No one expects this process of internal reconciliation to be easy, if indeed it is possible. And it will certainly be complicated by external political developments.

With an administration whose social priorities are in line with the bishops on issues ranging from health care to immigration reform to poverty reduction, the bishops have a chance to be heard in the coming years, as opposed to the Bush era, when their pleas against war and on a host of other issues often fell on deaf ears. But health care, immigration reform, and the like divide Catholics just as they do Republicans and Democrats, and it will test the bishops' political savvy to try to get Catholics and pols on both sides to listen to them.

The bishops certainly face an uphill climb in their effort to make opposition to gay marriage -- as much as their pro-life message -- a hallmark of their ministry. While they can point to successes on the abortion front, opinion polls show that they are gaining little traction with younger Catholics on gay marriage; 60 percent of Catholics under the age of 30 say they favor same-sex marriage compared to just a quarter of Catholics age 65 or older. And 58 percent of Catholics overall say homosexuality "should be accepted by society" rather than "discouraged"-- the highest level of any religious group in the U.S., and in the largest religious group (24 percent of the population, 26 percent of the electorate) in the U.S.
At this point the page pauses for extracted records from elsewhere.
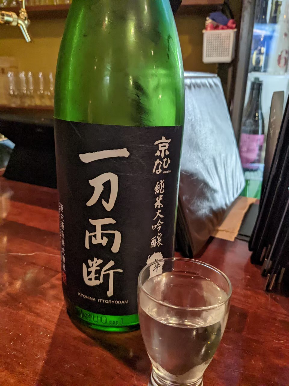 一刀両断 純米大吟醸辛口 磨き50% 愛媛県遠い所の國酒で有りまするよ〜『一刀両断』と言えば、武田鉄矢のラジオを思い出しまするが、、、開栓してみます、立ち香大吟醸にしては、、、。て感じ無いですよ〜、含むと、今流行りの大吟醸じゃないよ〜てオチャケが言ってますね〜、バナナ🍌風味が後口に来る感じですが、常温に戻るに従って、スイスイいけて、辛口たる由縁ですか?日本酒度+8と有りまするが、そこまで辛口と感じられませんね〜(^_^*):
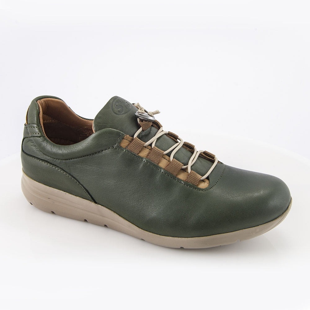 Safe Step 40402 Γυναικεία Ανατομικά Sneakers Χακί Δερμάτινα .Κατασκευασμένα από άριστης ποιότητας δέρμα και εσωτερικά πάτο ανατομικό δερμάτινο .Με κορδόνια λάστιχο για άνετη εφαρμογή και σόλα κατά των κραδασμών ,κατάλληλα για ορθοστασία και πολύ περπάτημα .Συνολικό τακούνι 3,5εκ.
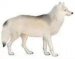 Miller, 1912 | Великий вовк білого забарвлення[49] | Тундра арктичного узбережжя Аляски від мисуБарроу на схід і, ймовірно, на північ до Арктичного архіпелагу[50] |
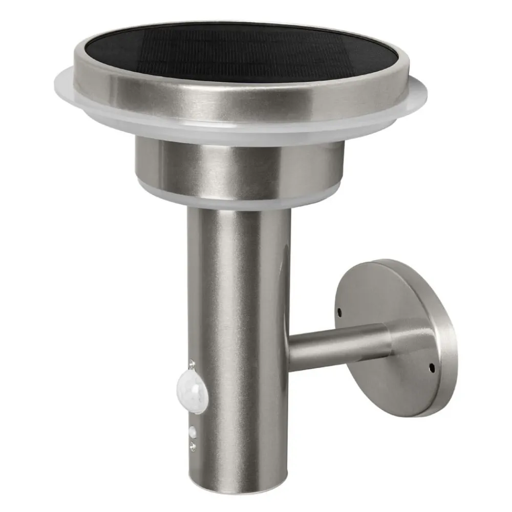 Udendørs væglampe med solceller Endura Style Solar Double Circle Endura Style Double Circle væglampe med solceller og integreret sensor kan bruges til at give belysning, hvor der ikke er strømtilslutning til at installere en konventionel væglampe. Det moderne armatur i rustfrit stål giver on-demand-belysning og sparer samtidig energi, da det er udstyret med en bevægelses- og dagslyssensor, så lyset kun tændes, når der er brug for det. Bevægelsessensoren har en detektionsvinkel på 90° og en rækkevidde på 6 meter, tærskelværdien er 10 lux. Armaturet kan indstilles til tre driftstilstande: – Kontinuerligt lys med 200 lumen – Kontinuerligt lys med 75 lumen, skifter til 300 lumen ved bevægelse – Lys slukket, skifter til 400 lumen ved bevægelse Afhængigt af indstillingen er belysningens varighed op til 8 timer, batteriet genoplades af solpanelet på 7 til 8 timer – afhængigt af vejret og armaturets orientering.

The bishops themselves have their cliques and internal rifts, too.

On Friday, the day after the bishops meeting wrapped, Cardinal Justin Rigali of Philadelphia and Archbishop Donald Wuerl of Washington were at the National Press Club in Washington to unveil a statement against gay marriage and abortion that was organized by social conservatives such as Robert George and Chuck Colson who have close ties to the Republican Party. The "Manhattan Declaration," as it is known, is backed by more than 125 Christian leaders in a list that reads like a Who's Who of the Religious Right. That Rigali and Wuerl and several other bishops would lend their names to a document that could be seen as taking a partisan position will not necessarily sit well with the rest of the bishops.

In a sense, the political divisions that have marked American society have been mirrored in the Catholic Church, and they are likely to be no less stubborn. Indeed, they even overlap.

The furor that erupted last summer over misdeeds at ACORN ( the Association of Community Organizations for Reform Now) also washed over the bishops as the hierarchy's chief poverty-fighting arm, the Catholic Campaign for Human Development (CCHD), was found to have made grants to ACORN. Political and church conservatives who were long at odds with the more liberal social justice actions of the bishops' conference launched a furious campaign against CCHD even though the organizations immediately suspended all ACORN funding.

Yet as ACORN became a favorite whipping boy for conservatives in the secular world, much the same happened in the Catholic Church, with charges that CCHD was funding "pro-abortion" groups and all manner of liberal causes in the name of the Catholic bishops and the faithful. Several conservative Catholic groups have organized a boycott of the CCHD annual collection and demanded that the organization be entirely reformed or dismantled.

At last week's meeting, Bishop Roger P. Morin of Biloxi, Miss., who oversees CCHD for the bishops, delivered an impassioned defense of the organization and denounced those who "with their own ideological or political agendas repeat and spread outrageous claims that the bishops are funding abortion, attacks on the family, and other untruths."

Morin's address was especially urgent because the annual collection for CCHD, which undergirds their anti-poverty work throughout the year, is set for this weekend, Nov. 21-22. At the end of the day, there may be no better barometer of how united the Catholic Church is than how much Catholics put in to the basket at Mass this Sunday morning.